How to Split Data into Train and Test Sets in R

Key Insights

• Random splitting works for most datasets, but stratified splitting (via caret or rsample) preserves class distributions and prevents imbalanced train/test sets—critical for classification problems with rare classes.
• Time series and grouped data require specialized splitting methods that respect temporal order or group boundaries; random splits will leak future information and artificially inflate performance metrics.
• Setting a seed before splitting is non-negotiable for reproducible research, and you should always verify that your split maintains representative distributions of key variables across both sets.

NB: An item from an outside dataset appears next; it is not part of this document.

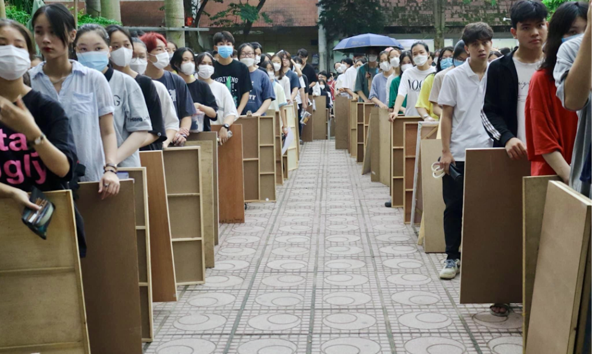 Thí sinh ngay ngắn xếp hàng chờ vào phòng thi.

Introduction to Train-Test Splitting

Splitting your data into training and testing sets is fundamental to building reliable machine learning models. The training set teaches your model patterns in the data, while the test set—data the model has never seen—validates whether those patterns generalize to new observations. Without this separation, you’re essentially grading your model on the same material it studied, which tells you nothing about real-world performance.

The standard practice is an 80/20 or 70/30 split, where the larger portion trains the model and the smaller portion tests it. For datasets under 1,000 observations, consider 70/30 to ensure your test set has enough samples for meaningful evaluation. With larger datasets (10,000+ rows), you can safely use 90/10 since even 10% provides adequate test samples.

The real danger isn’t just overfitting—it’s overconfidence. A model that performs brilliantly on training data but fails on test data is worse than useless; it’s misleading. Proper train-test splitting is your first line of defense against this problem.

Basic Random Splitting with Base R

The simplest approach uses base R’s sample() function to randomly select row indices for training. This works well for most regression problems and balanced classification tasks.

# Load example dataset
data(mtcars)

# Set seed for reproducibility
set.seed(123)

# Create training indices (80% of data)
train_indices <- sample(1:nrow(mtcars), size = 0.8 * nrow(mtcars))

# Split the data
train_data <- mtcars[train_indices, ]
test_data <- mtcars[-train_indices, ]

# Verify the split
cat("Training set:", nrow(train_data), "observations\n")
cat("Test set:", nrow(test_data), "observations\n")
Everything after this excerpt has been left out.